Epicuro pensava que tanto os terrores da morte e o temor dos deuses quanto os desejos desmedidos e o compromisso com os negócios da pólis carreiam inquietação aos homens. Na opinião de Epicuro, o sábio, porque conhece os limites de seus desejos e de sua ação e porque sabe eliminar suas dores, obterá a serenidade da alma e poderá, em decorrência disso, viver na Terra “como um deus entre os homens”.
Como não pretendamos discorrer exaustivamente sobre a figura do sábio na Antiguidade, vamo-nos cingir a enunciar, separadamente, as características essenciais da figura do sábio.

1)         A figura do sábio cumpre um papel fundamental na escolha de vida filosófica;

2)         A figura do sábio é, para o filósofo, mais um ideal descrito pelo discurso filosófico, do que um modo de vida encarnado num tipo humano concreto;

3)         Uma vez que o sábio representa um modo de vida radicalmente diverso do modo como vivem os mortais, a figura do sábio tende a aproximar-se da figura de Deus ou dos deuses, de modo que os desuses são sábios imortais; e os sábios, deuses mortais.


1.2. A conversão filosófica

Faz-se mister discutir brevemente e delimitar semanticamente o conceito de conversão.


1.2.1. A conversão na Antiguidade

Do latim conversio, conversão significa ‘giro’, ‘mudança de direção’ (Hadot, 2014, p. 203).

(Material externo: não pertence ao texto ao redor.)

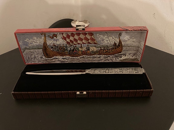 Hardanger Bestikk Konge Tinn brevåpner i etui

Em sua acepção religiosa e filosófica, a conversão recobre a ideia de modificação da estrutura mental, que se estende desde uma simples mudança de opinião até a transformação radical da personalidade.
O termo latino conversio, segundo Hadot, corresponde a dois termos gregos cujo sentido diverge. De um lado, conversio equivale ao grego epistrophé, que quer dizer ‘mudança de orientação’ e que abriga a ideia de retorno a si; de outro lado, se acha o correspondente grego metanoia, que significa ‘mudança de pensamento’, ‘arrependimento’ e envolve a ideia de ‘mutação’ ou ‘renascimento’. Consoante ensina Hadot (ibid.), “(...) na noção de conversão, há uma oposição interna entre a ideia de ‘retorno a si’ e a ideia de ‘renascimento’. Essa polaridade de fidelidade-ruptura marcou profundamente a consciência ocidental desde o surgimento do cristianismo.”
Hadot vê na ideia de conversão um poder constitutivo da consciência ocidental. Em outras palavras, a ideia de conversão se acha entre as ideias que constituíram a consciência do homem ocidental, de tal sorte que “pode-se conceber toda a história do Ocidente como um esforço incessantemente renovado para aperfeiçoar as técnicas de conversão”. (ibid., p. 204, ênfase nossa). Tais técnicas seriam destinadas a transformar a realidade humana, “seja reconduzindo-a a sua essência original (conversão-retorno), seja modificando-a radicalmente (conversão-mutação)”. (ibid.).
Quando volvemos nossa atenção para a determinação das formas históricas de conversão, somos levados a reconhecer um fato importante: na Antiguidade, o fenômeno de conversão aparece mais frequentemente nas ordens política e filosófica, e é menos frequente na ordem religiosa. Segundo Hadot, isso se explica pela própria natureza das religiões da Antiguidade: elas eram religiões assentadas no equilíbrio relacional entre Deus e o homem, ou seja, elas dispunham de ritos que asseguravam um tipo de troca de serviços entre Deus e o homem. Ainda segundo Hadot (ibid., p. 205),

É sobretudo no domínio da política que os homens da Grécia antiga fizeram a experiência de conversão. A prática da discussão judiciária e política, na democracia, revelou-lhes a possibilidade de “mudar a alma” do adversário pelo manejo hábil da linguagem, pelo emprego de métodos de persuasão. As técnicas de retórica, arte da persuasão, constituem-se e se codificam pouco a pouco. Descobre-se a força política das ideias, o valor da “ideologia”, para retomar uma expressão moderna. A guerra do Peloponeso é um exemplo desse proselitismo político.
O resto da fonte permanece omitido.